Thursday, December 30, 2010

In which I quote myself...

At the end of the day it is hard to type and I want to go to the Spur to meet Lib. It has also been effin' FREEZING, never good for PD. Which is my excuse for quoting from a letter to Brett Booth of Demonpuppy instead of writing an essay.

The letter was mostly on dinosaur images and modern public schools and their avoidance of 'strong' evolution-- something I got in Catholic schools (he explained that Creationists do not consider Catholics Christian-- oh...)

Anyway, I made one old point I would still back. Which is:

"I once said [1970's] my ideal curriculum would consist of biology, history, the classics, and how to use a chainsaw. Adaptable to region and culture but you get the drift...

"I now think I would add how to train a dog, hawk, or horse."

7 comments:

Doug said...

As a teacher - I would agree, but I would like to add math to the list.

Steve Bodio said...

No argument Doug-- it is meant to be a minimum rather than restrictive!

Chas S. Clifton said...

And what used to be called "home economics" -- basic cooking, and how to do your laundry so that everything does not come out pink.

Anonymous said...

Hi Steve

Education - as you say, a mix of theoretical and practical would fill the bill- as long as it encourages the development of an open, enquiring mind.

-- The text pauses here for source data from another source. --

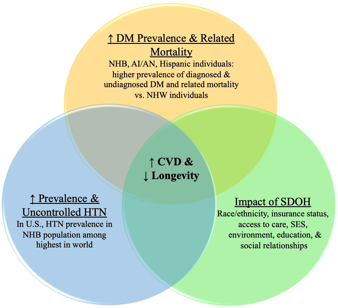 Fig. 1.Predominant factors affecting cardiometabolic/CV burden and longevity in racial/ethnic populations. The combination and amplification of multiple negative factors in racial/ethnic populations increases CVD and decreases longevity. NHB, non-Hispanic Black; AI/AN, American Indian/Alaska Native; NHW, non-Hispanic White; DM, Diabetes; HTN, Hypertension; SDOH, Social determinants of health; SES, Socioeconomic status.
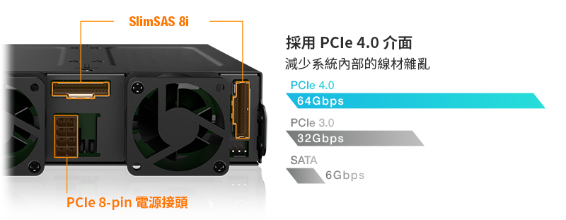 | 傳輸速率: | 每顆 SSD 最多可達 64Gbps(依實際 SSD 效能而定) |
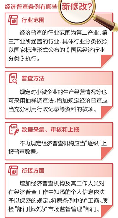 首先,完善有关经济普查行业范围的规定。修改后的《条例》对经济普查的行业范围不再具体列举,表述为:“经济普查的行业范围为第二产业、第三产业所涵盖的行业,具体行业分类依照以国家标准形式公布的《国民经济行业分类》执行。”
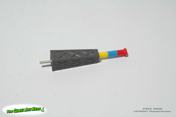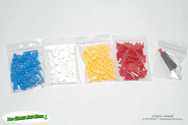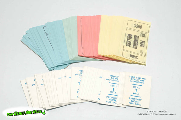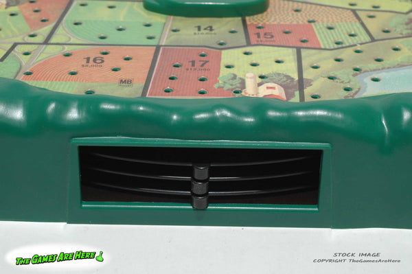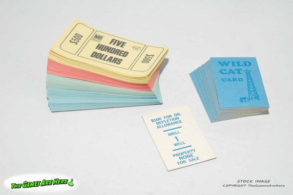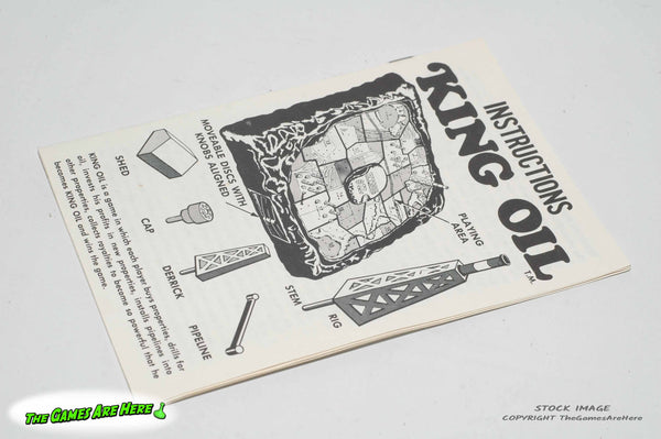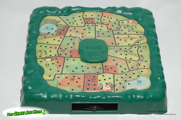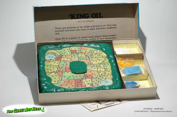 This item is a USED King Oil Game from Milton Bradley 1974. It is COMPLETE. The box has some shelf wear on the corners\edges, and face, all box corners are intact with no tears or tape. The box back is nice and clean, this game does not have the ding/tear near the corner. It also does not have the remnants of the store sticker on the front upper right corner, but it has more shelf wear on the lower point area of the picture of the board and near the lower right corner area. There is a tear in the cover paper on the front upper edge just above the "G" in "KING" that reveals the cardboard below (approx. 1 inch long). The board looks and works good, all three dials work great. Each set of pieces have been inventoried to be complete (as all our games are) and each consists of: 32 Caps, 21 Derricks, 9 Pipes and 6 Sheds. The instructions look good and lay flat. The Cards and play money look good and lay fairly flat. The back of the unit is the style that has the little metal pins holding the plastic pegs and they are all intact (as in our stock photo). Overall it looks good.
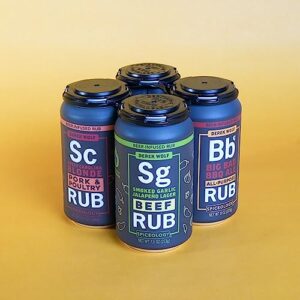 • Convenient Packaging: Comes in a set of 4 with resealable lids to keep your rubs fresh and easily accessible.
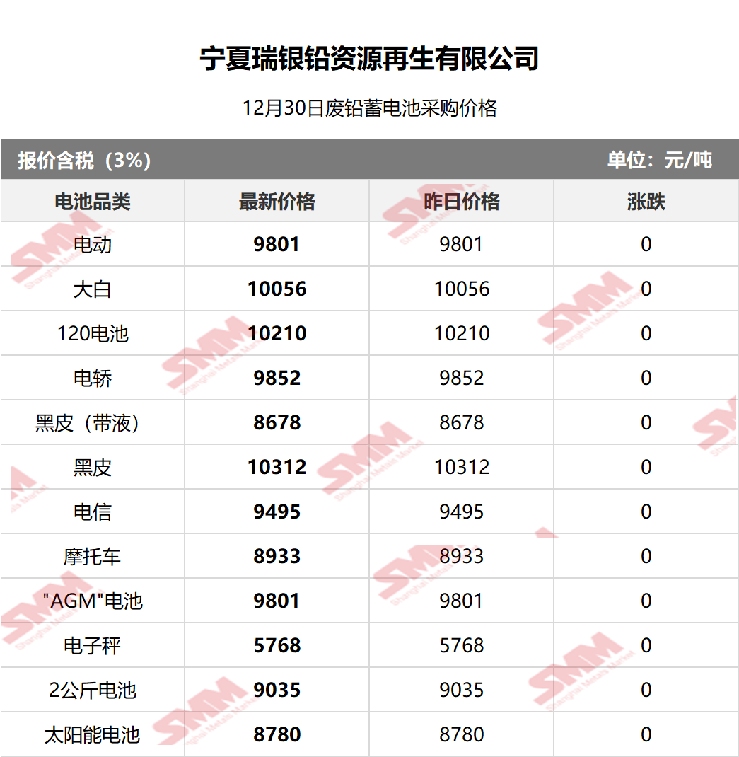 SMM 2025/12/30 国内知名再生铅企业废电瓶采购报价
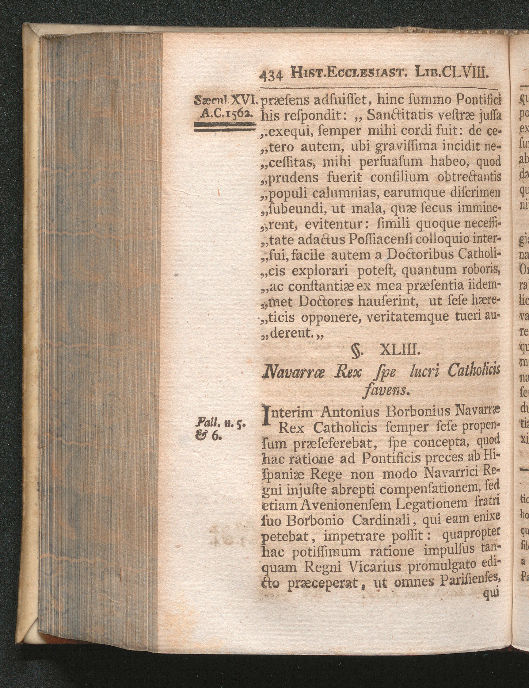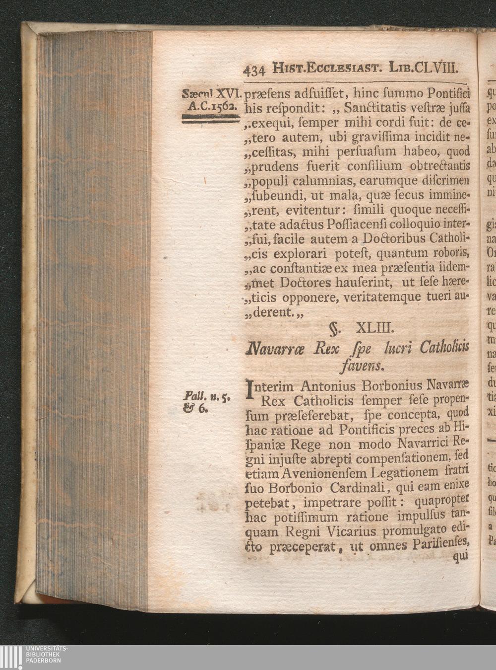 §. 43. Navarræ Rex spe lucri Catholicis favens.
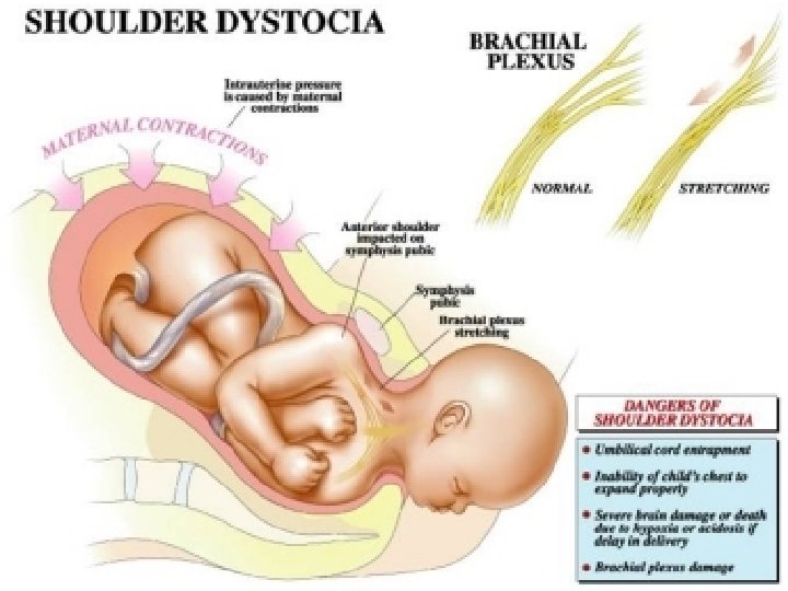 Pathophysiology § Size discrepancy between fetal shoulders and maternal pelvic inlet § Macrosomia § Large chest: BPD § Absence of truncal rotation § Fetal shoulders remain A-P or descent simultaneously

The genial headmaster of my minor public School in UK summed it up in his address to all 1960's ( pre computer age) sixth form leavers-

"An educated person is one who could take a party of 30 to the top of Mount Everest , and get them all back safely, without the aid of Thomas Cook"

- think about it!!

JohnnyUK

Anonymous said...

Education - Steve is spot on with the concept of covering both theoretical and practical aspects . I would add the encouragement a sceptical, progressive and enquiring philosophy in all students .

My minor, UK, public school, genial headmaster gave the following definition to his sixth form leavers in the 1960's.


"A educated person is someone who could take a party of 30 to the top of Mount Everest,and return them all safely,and on time, without the aid of Thomas Cook" ( or computers!).

- Think about it!

JohnnyUK

dr. hypercube said...

Coincidentally, this is the weekend for serious chainsaw instruction here (and target practice).

My suggested curriculum - celestial navigation - if done on the water you could work in biology, meteorology and literature.

Completely OT - do you know this book: http://www.nybooks.com/books/imprints/classics/an-african-in-greenland/ ? Looks fascinating.

grapfhics said...

I always liked Mark Twain's definition on the difference between education and learning. I think that some of the trouble today is schools are no longer teaching and it does not matter whether it is the elementary, high school or college level. They are so befuddled with tests and making "grade" that they are lost.